The Night of the Hunter (1955)

Directed by Charles Laughton

I think it’s fair to say 1955’s The Night of the Hunter is one of the oddest films to ever come out of Hollywood. According to many, it’s also one of the greatest. This may be true; I’m not sure. But it’s definitely worth seeing a time or two to decide for yourself.

The Night of the Hunter is the one and only film directed by actor Charles Laughton (Mutiny on the Bounty, Witness for the Prosecution).

A kind of weird cross between noir and fantasy, it’s a movie he described as “a nightmarish sort of Mother Goose tale.”

That’s a pretty accurate description. A frightening film, it’s characterized by a fable-myth, fantastic quality.

Robert Mitchum as Harry Powell.

A desperate man, anxious to support his impoverished family, particularly his children, kills two people while stealing $10,000. He hides the money then makes his children swear to keep the location secret from everyone.

He’s then captured, tried and convicted.
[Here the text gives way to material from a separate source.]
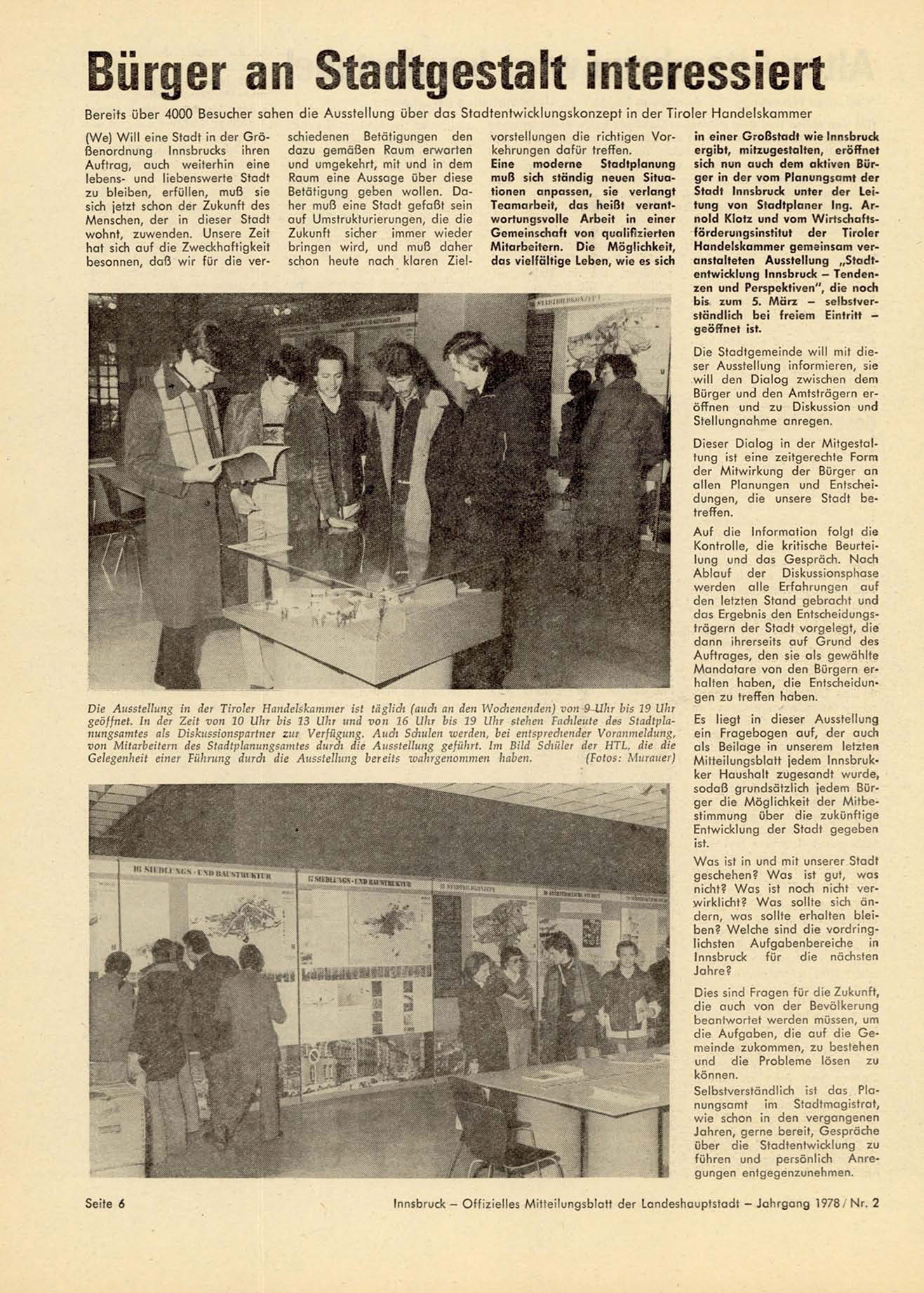 Handelskammer gemeinsam veranstalteten Ausstellung „Stadtentwicklung Innsbruck - Tendenzen und Perspektiven", die noch
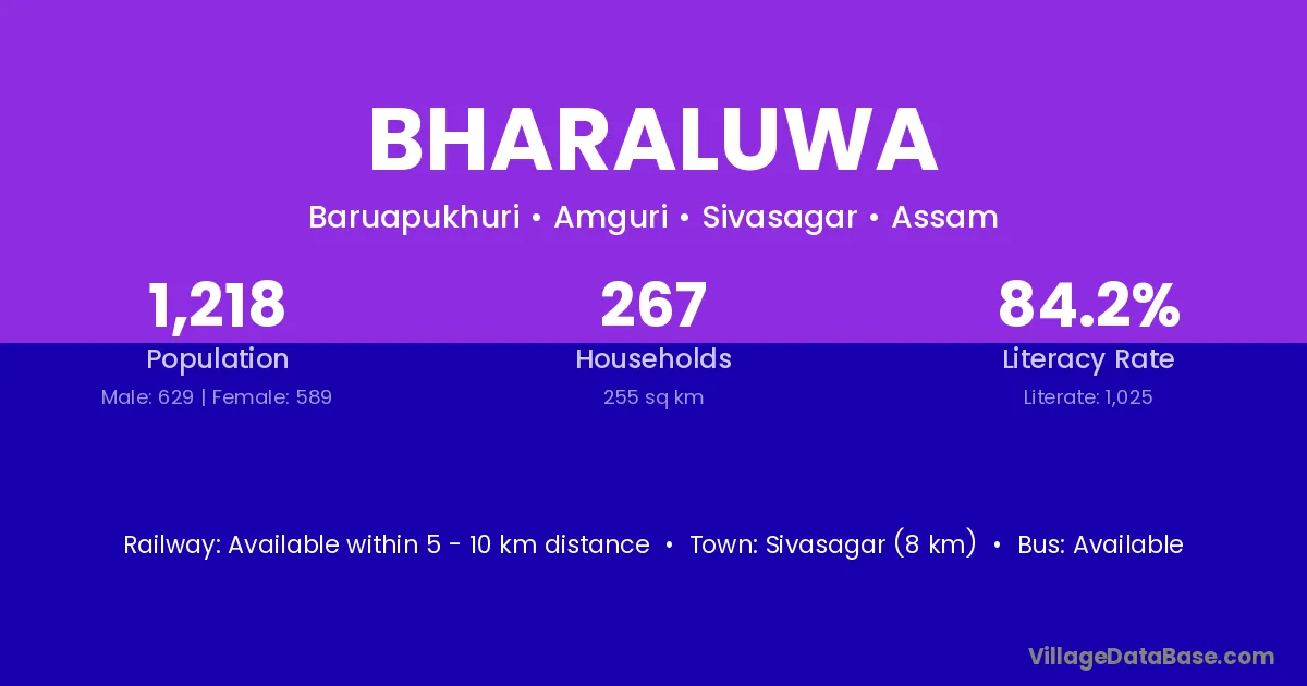 Sivasagar (8 km) is the nearest town to Bharaluwa village for major economic activities and is located approximately 8 km away.

Sentenced to death, he meets a preacher while in prison, prior to his execution.

During their short time together, the preacher becomes aware of the man’s theft and that the money is hidden. But he doesn’t know where.

He does, however, know it has something to do with the man’s family. He leaves the prison then goes out seeking them and the money.

Billy Chapin as the boy, John Harper. The preacher’s presence looms over the children throughout the movie.

But he’s not a genuine preacher. He is evil; twisted and murderously misogynist. (And he’s portrayed brilliantly by Robert Mitchum.) On the fingers of each hand the words are printed, “love” and “hate” (one word on each hand).

It’s interesting how the film shows that part of his dysfunction is manifested through an angry, repressed sexuality that evokes an extreme Puritanism about sex.

As the movie progresses, he becomes increasingly threatening to the children, the older child of which has been skeptical of the him from the start.

Again interesting, the film seems to associate a healthy sexuality with innocence, such as in their mother’s initial relationship with the preacher and later with another young girl-woman, Ruby.

Shelley Winters as Willa Harper comes to a bad end.

In fact, the film appears to be about the corruption of innocence, or at least the attempt to do so. While the children embody this innocence it is by no means exclusive to them. Some of the adults (like the mother, or Ruby who is on the verge of womanhood) also have some of this innocence.

Despite its noir-ish storyline and look, the movie keeps weaving into the fantastic.

It has a bit of the look and feel of Cocteau’s Beauty and the Beast, 1946 (La belle et la bête), or Children of Paradise, 1945 (Les enfants du paradis), by Marcel Carné. It works as an allegory of good and evil.

Each time the story begins to take on a sense of realism of any sort, each time it begins following a traditional Hollywood film narrative approach, it swings back into this fantastic realm.

The children in their boat on the river.

For instance, there is the sequence when the children flee the preacher and set off in a boat on the river. Once on the river, the look alters to something more fantastic and starry, evoking the film’s strange opening.

This is also a movie about very strong, deliberately self-conscious imagery. From that strange, starry opening to the shots of the preacher’s tattooed hands to the river sequence with it’s shots of nature (i.e., frogs etc.) and to the shadowy shots of Mitchum in his hat, Laughton and cinematographer Stanley Cortez have carefully informed the movie with intriguing, meaningful shots.

While he only directed one movie, Charles Laughton made it a dandy. Is it one of the greatest American films ever made, as Roger Ebert says? I don’t know. But if it isn’t, it’s damn close.